McCourt experts challenge the status quo in health equity research
For more than a decade, the McCourt School’s Center on Health Insurance Reforms has engaged state and federal policymakers with balanced, evidence-based research, analysis and strategic advice to improve consumer access to affordable and adequate health insurance.
The Center on Health Insurance Reforms (CHIR) at the McCourt School of Public Policy is an independent, nonpartisan policy and research center founded in 2011, where faculty and staff are engaged in research that improves consumer access to affordable and adequate health insurance. Funding to support CHIR’s work comes from a variety of foundations and organizations , including the Robert Wood Johnson Foundation, The Laura and John Arnold Foundation, and the Commonwealth Fund, among others.
Following the murder of George Floyd in 2020, CHIR faculty made a pledge to better understand and document the challenges facing communities of color. Through their research, CHIR experts have been posing questions that assess the disparate impacts of policy choices on those communities, adopting data collection practices that proactively seek out diverse voices and working to develop policies that place health equity front and center.
In one project funded by the National Institute for Health Care Reform , CHIR researchers are assessing efforts to improve access to primary care for underserved populations. CHIR’s Navigator Resource Guide, a tool supported by the Robert Wood Johnson Foundation and designed to help consumers explore health insurance plans and benefits available to them under the Affordable Care Act (ACA), has been updated to include Spanish-language content and to spotlight outreach efforts by organizations working with diverse communities.
Monitoring state-based efforts to advance health equity
Another longstanding project, funded by the Commonwealth Fund , enables CHIR researchers to monitor and analyze how all 50 states and the District of Columbia are implementing the ACA’s private insurance reforms and improving their health insurance marketplaces. As an expansion of this work, CHIR began monitoring health equity in 2021. Assistant Research Professor Christine Monahan and Research Fellow Jalisa Clark , supported by 2022 Richmond Foundation Fellow Nadia Stovicek , are tracking state action to address disparities and inequities in health, health care and health coverage through reforms to and regulation of the private health insurance market.
CHIR researchers found that states like California, Connecticut and Massachusetts have taken the lead in advancing health equity by first assessing internal accountability: hiring chief equity officers, forming social justice advisory committees and developing internal plans to ensure agency policies and practices advance equity.
Some states have prioritized the collection of customers’ demographic data to identify and address disparities and target resources appropriately, though states’ efforts to improve race and ethnicity data collection remain a work in progress . Several states have also worked with health insurers to build provider networks and design benefit packages that advance health equity, such as the elimination of cost-sharing for diabetes-related care to address racial disparities in diabetes prevalence and outcomes.
Diversifying the health insurance market and the consumer experience
State-based marketplaces also have a responsibility to reach out to consumers and help them enroll in a health plan that meets their needs. This includes working with organizations serving communities of color and diversifying the health insurance broker industry to better represent marketplace customers. CHIR is currently exploring how marketplaces are meeting the needs of individuals with limited English proficiency who depend on language access services.

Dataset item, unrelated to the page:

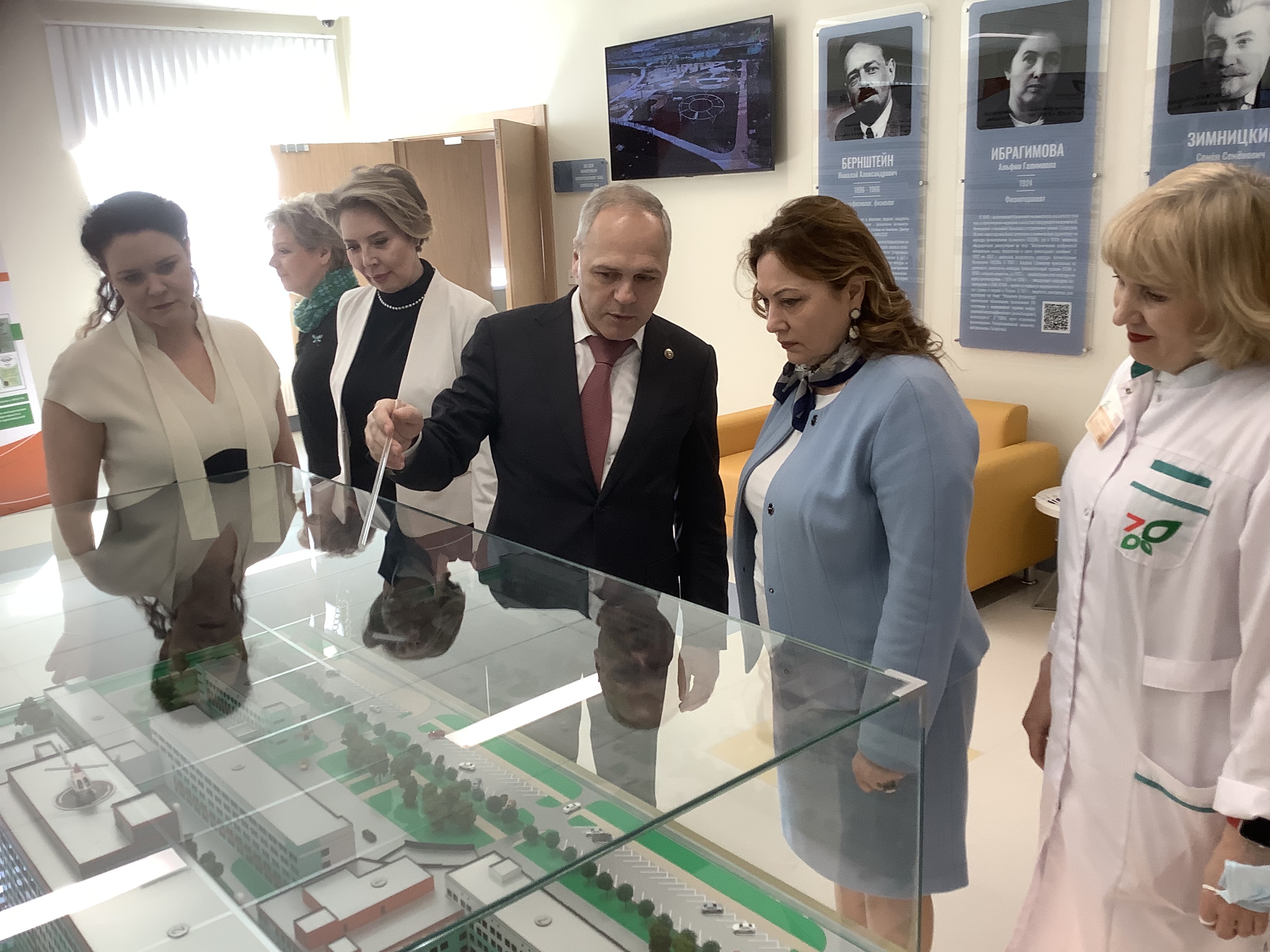 Директор Департамента медицинской помощи детям, службы родовспоможения и общественного здоровья Министерства здравоохранения России Елена Шешко посетила лечебно- реабилитационный центр в Казани, отрытый на базе городской клинической больницы №7. Гостей сопровождал министр здравоохранения Республики Татарстан Марат Садыков.

“We are looking at the states that run their own health insurance marketplace and getting a sense of what the language access landscape looks like from insurance enrollment applications to staff job descriptions,” said Nadia Stovicek (MPP‘23), who is currently involved in CHIR’s language access survey project as a research assistant on the health equity team. “Culturally competent care is so important, and language access is a huge part of that.”
CHIR’s research is already helping inform state officials about what other agencies are doing to advance health equity. Federal policymakers, too, can take lessons from CHIR’s findings as they work to fulfill President Biden’s Executive Order on advancing racial equity and support for underserved communities.